PROBLEM STATEMENT:
The lines below starting at the line containing "1998 statue of" and ending at the line containing "Regimental colors of" are to be repeated exactly, with both ends kept and nothing else added.

------ RECORDS TO PROCESS ------

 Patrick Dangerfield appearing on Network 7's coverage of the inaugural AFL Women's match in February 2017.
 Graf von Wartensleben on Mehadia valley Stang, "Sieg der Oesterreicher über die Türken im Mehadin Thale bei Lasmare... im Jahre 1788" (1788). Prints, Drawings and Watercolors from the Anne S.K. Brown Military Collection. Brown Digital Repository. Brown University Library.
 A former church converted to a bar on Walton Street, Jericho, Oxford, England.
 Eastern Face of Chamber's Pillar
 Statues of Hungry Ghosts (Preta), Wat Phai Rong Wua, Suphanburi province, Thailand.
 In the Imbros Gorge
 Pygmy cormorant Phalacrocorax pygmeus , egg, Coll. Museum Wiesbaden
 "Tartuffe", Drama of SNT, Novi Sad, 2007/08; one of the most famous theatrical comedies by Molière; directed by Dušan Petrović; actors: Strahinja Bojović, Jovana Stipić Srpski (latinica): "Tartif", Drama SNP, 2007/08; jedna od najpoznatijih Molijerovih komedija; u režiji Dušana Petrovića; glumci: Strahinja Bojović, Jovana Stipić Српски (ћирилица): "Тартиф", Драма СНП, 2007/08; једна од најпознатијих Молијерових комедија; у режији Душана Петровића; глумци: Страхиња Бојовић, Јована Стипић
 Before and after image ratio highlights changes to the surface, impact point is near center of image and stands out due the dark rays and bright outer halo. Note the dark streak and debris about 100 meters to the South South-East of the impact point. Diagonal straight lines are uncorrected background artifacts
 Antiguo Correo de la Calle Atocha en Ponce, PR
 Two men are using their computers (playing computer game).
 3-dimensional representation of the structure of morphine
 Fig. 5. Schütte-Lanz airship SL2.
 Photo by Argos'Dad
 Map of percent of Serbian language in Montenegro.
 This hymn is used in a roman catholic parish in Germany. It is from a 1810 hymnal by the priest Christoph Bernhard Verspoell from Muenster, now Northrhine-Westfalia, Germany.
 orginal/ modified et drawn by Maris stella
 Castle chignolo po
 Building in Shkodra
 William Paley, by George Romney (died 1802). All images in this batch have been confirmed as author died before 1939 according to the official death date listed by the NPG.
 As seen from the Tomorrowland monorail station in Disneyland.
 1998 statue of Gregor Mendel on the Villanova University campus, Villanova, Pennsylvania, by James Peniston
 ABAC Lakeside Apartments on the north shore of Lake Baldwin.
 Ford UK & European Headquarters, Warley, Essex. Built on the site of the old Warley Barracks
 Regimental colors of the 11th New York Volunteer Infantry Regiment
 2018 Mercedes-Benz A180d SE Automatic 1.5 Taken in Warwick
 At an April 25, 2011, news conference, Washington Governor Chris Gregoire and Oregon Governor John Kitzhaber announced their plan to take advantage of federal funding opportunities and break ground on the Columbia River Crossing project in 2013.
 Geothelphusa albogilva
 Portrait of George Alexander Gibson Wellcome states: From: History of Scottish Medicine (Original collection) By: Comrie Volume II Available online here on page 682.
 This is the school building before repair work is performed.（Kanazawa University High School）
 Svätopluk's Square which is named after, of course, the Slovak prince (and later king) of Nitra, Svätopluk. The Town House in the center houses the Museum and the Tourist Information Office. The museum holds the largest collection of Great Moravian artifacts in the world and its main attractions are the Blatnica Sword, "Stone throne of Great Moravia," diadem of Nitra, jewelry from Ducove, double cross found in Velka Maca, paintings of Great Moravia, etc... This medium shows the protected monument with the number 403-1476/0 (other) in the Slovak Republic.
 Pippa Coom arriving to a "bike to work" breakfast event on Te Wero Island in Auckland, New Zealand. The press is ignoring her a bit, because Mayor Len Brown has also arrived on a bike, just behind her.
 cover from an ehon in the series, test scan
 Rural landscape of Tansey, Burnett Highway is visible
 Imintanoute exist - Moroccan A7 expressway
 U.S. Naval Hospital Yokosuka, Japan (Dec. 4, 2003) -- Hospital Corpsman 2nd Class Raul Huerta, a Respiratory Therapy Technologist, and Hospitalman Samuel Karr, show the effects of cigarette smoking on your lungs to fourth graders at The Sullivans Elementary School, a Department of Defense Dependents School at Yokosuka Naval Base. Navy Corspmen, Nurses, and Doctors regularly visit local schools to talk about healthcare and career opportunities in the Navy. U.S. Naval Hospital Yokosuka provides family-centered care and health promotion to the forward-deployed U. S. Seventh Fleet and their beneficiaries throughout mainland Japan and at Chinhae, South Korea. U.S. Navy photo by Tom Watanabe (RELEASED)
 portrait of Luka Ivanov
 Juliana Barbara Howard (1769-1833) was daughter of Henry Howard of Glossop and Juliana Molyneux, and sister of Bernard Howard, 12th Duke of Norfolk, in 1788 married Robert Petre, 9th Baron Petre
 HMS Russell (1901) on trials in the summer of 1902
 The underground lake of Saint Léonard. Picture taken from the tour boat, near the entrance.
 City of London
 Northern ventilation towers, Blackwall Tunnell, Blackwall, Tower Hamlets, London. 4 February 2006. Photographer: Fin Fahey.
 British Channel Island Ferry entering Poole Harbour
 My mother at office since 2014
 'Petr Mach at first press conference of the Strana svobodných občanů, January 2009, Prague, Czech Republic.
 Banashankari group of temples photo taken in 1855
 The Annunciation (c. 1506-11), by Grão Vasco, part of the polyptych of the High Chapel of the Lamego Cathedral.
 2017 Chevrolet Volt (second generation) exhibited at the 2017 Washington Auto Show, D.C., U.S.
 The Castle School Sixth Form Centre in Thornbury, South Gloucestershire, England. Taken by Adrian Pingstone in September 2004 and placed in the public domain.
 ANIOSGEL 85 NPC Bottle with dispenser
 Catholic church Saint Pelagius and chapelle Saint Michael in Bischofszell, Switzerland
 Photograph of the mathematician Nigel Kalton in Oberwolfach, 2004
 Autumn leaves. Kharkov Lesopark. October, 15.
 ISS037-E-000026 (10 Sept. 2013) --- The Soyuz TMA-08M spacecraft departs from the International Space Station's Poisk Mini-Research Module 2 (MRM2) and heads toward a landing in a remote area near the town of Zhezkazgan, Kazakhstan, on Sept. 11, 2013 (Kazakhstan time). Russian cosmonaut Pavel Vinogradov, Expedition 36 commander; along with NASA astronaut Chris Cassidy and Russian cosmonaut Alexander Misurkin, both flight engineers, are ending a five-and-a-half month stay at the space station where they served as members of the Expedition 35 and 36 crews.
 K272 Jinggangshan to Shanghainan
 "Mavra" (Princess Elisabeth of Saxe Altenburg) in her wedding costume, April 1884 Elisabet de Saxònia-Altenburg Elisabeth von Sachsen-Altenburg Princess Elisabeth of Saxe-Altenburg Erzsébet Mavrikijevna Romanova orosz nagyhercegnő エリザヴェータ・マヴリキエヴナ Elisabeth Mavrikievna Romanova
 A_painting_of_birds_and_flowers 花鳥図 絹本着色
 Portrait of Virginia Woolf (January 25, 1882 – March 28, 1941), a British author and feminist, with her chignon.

------

TASK OUTPUT:
 1998 statue of Gregor Mendel on the Villanova University campus, Villanova, Pennsylvania, by James Peniston
 ABAC Lakeside Apartments on the north shore of Lake Baldwin.
 Ford UK & European Headquarters, Warley, Essex. Built on the site of the old Warley Barracks
 Regimental colors of the 11th New York Volunteer Infantry Regiment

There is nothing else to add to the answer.